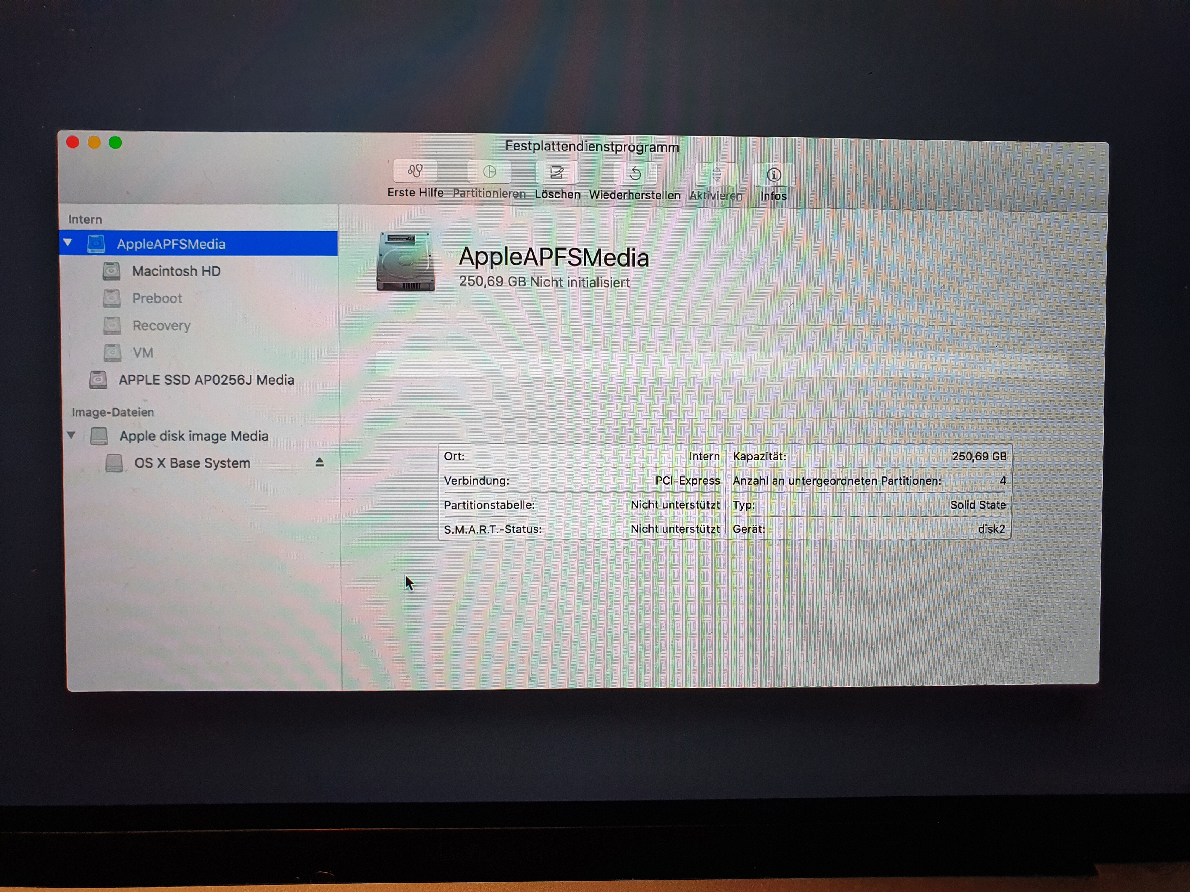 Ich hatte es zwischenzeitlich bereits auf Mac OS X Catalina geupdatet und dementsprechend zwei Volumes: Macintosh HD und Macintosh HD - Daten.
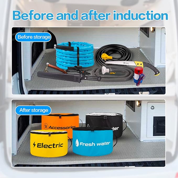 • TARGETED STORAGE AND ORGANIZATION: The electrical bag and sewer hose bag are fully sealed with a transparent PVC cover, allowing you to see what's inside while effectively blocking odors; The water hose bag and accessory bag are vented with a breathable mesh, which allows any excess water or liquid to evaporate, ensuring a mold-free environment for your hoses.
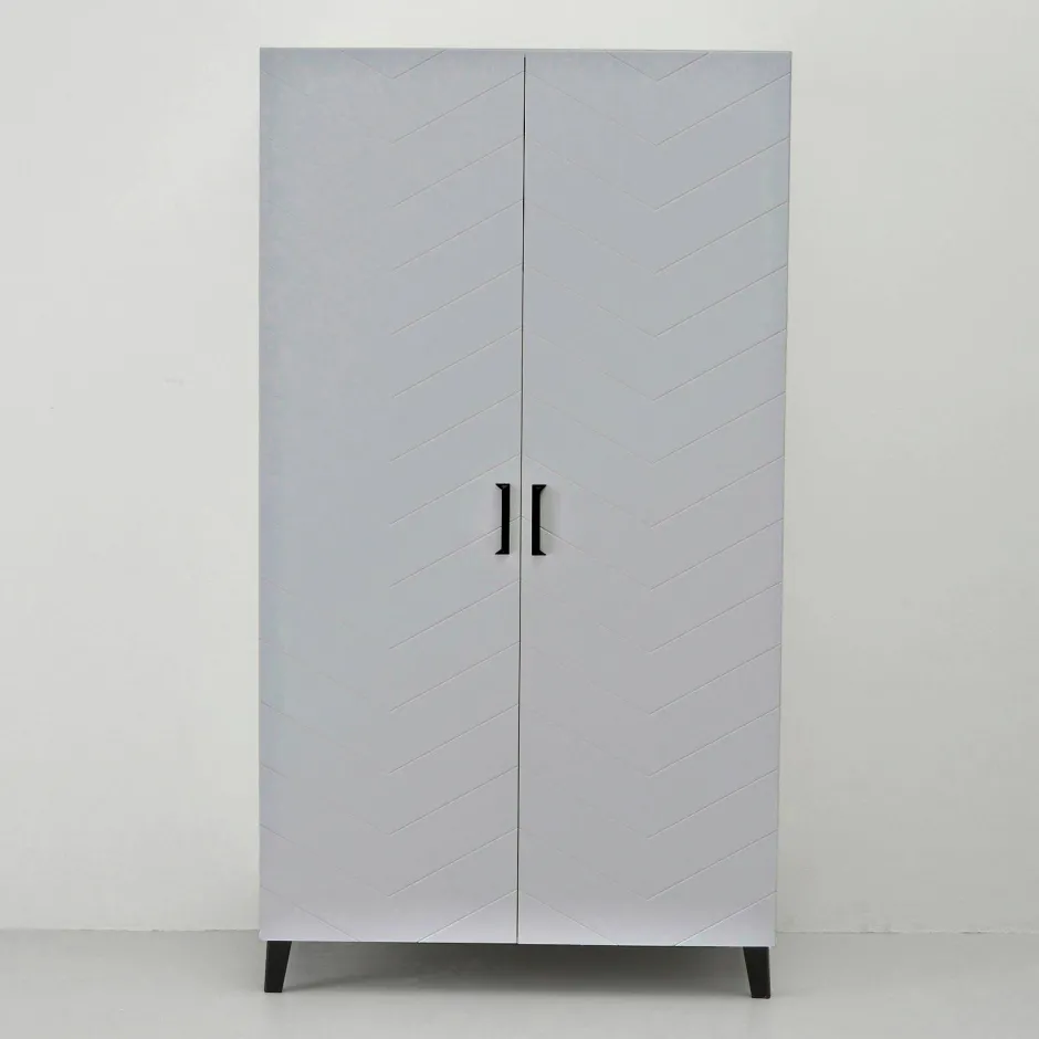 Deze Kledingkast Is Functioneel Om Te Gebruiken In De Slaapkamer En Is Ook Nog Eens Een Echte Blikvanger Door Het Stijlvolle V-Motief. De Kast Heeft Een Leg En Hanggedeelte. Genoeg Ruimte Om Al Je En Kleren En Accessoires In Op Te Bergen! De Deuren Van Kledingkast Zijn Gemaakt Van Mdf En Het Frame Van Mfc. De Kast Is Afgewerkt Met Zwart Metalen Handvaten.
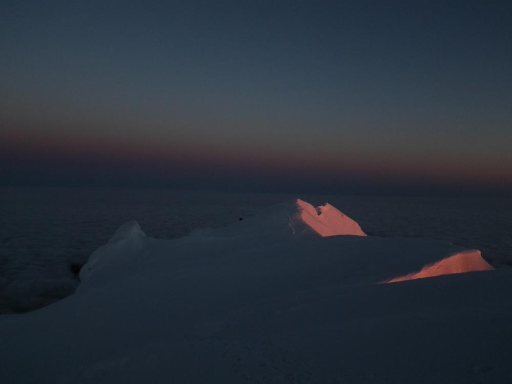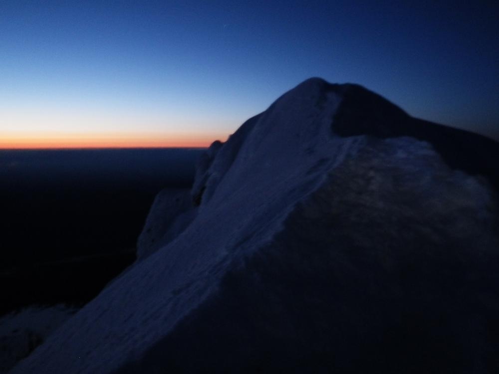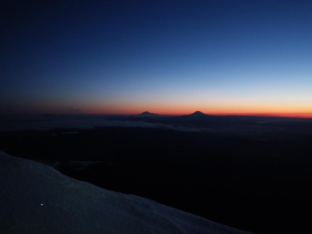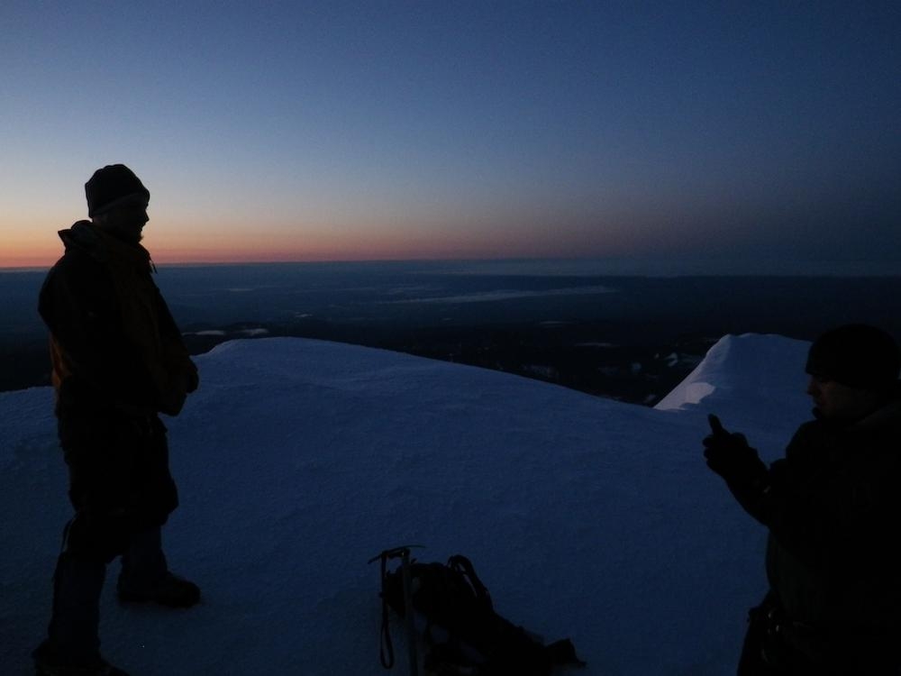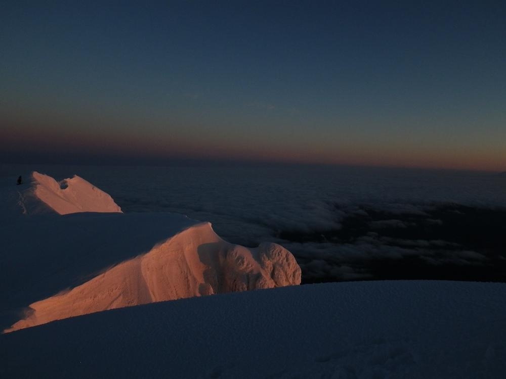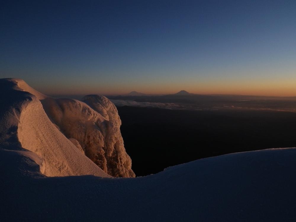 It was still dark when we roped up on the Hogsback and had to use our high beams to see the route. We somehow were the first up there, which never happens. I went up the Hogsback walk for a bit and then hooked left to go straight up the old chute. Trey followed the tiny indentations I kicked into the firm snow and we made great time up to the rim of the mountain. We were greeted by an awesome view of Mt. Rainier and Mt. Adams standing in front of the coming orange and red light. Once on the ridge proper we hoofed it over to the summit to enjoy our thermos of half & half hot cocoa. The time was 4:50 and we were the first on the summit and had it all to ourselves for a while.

------------------------------------------------

Word for word, quote the lines above. Omit the pictures.

| Answer |
 Ich hatte es zwischenzeitlich bereits auf Mac OS X Catalina geupdatet und dementsprechend zwei Volumes: Macintosh HD und Macintosh HD - Daten.
 • TARGETED STORAGE AND ORGANIZATION: The electrical bag and sewer hose bag are fully sealed with a transparent PVC cover, allowing you to see what's inside while effectively blocking odors; The water hose bag and accessory bag are vented with a breathable mesh, which allows any excess water or liquid to evaporate, ensuring a mold-free environment for your hoses.
 Deze Kledingkast Is Functioneel Om Te Gebruiken In De Slaapkamer En Is Ook Nog Eens Een Echte Blikvanger Door Het Stijlvolle V-Motief. De Kast Heeft Een Leg En Hanggedeelte. Genoeg Ruimte Om Al Je En Kleren En Accessoires In Op Te Bergen! De Deuren Van Kledingkast Zijn Gemaakt Van Mdf En Het Frame Van Mfc. De Kast Is Afgewerkt Met Zwart Metalen Handvaten.
 It was still dark when we roped up on the Hogsback and had to use our high beams to see the route. We somehow were the first up there, which never happens. I went up the Hogsback walk for a bit and then hooked left to go straight up the old chute. Trey followed the tiny indentations I kicked into the firm snow and we made great time up to the rim of the mountain. We were greeted by an awesome view of Mt. Rainier and Mt. Adams standing in front of the coming orange and red light. Once on the ridge proper we hoofed it over to the summit to enjoy our thermos of half & half hot cocoa. The time was 4:50 and we were the first on the summit and had it all to ourselves for a while.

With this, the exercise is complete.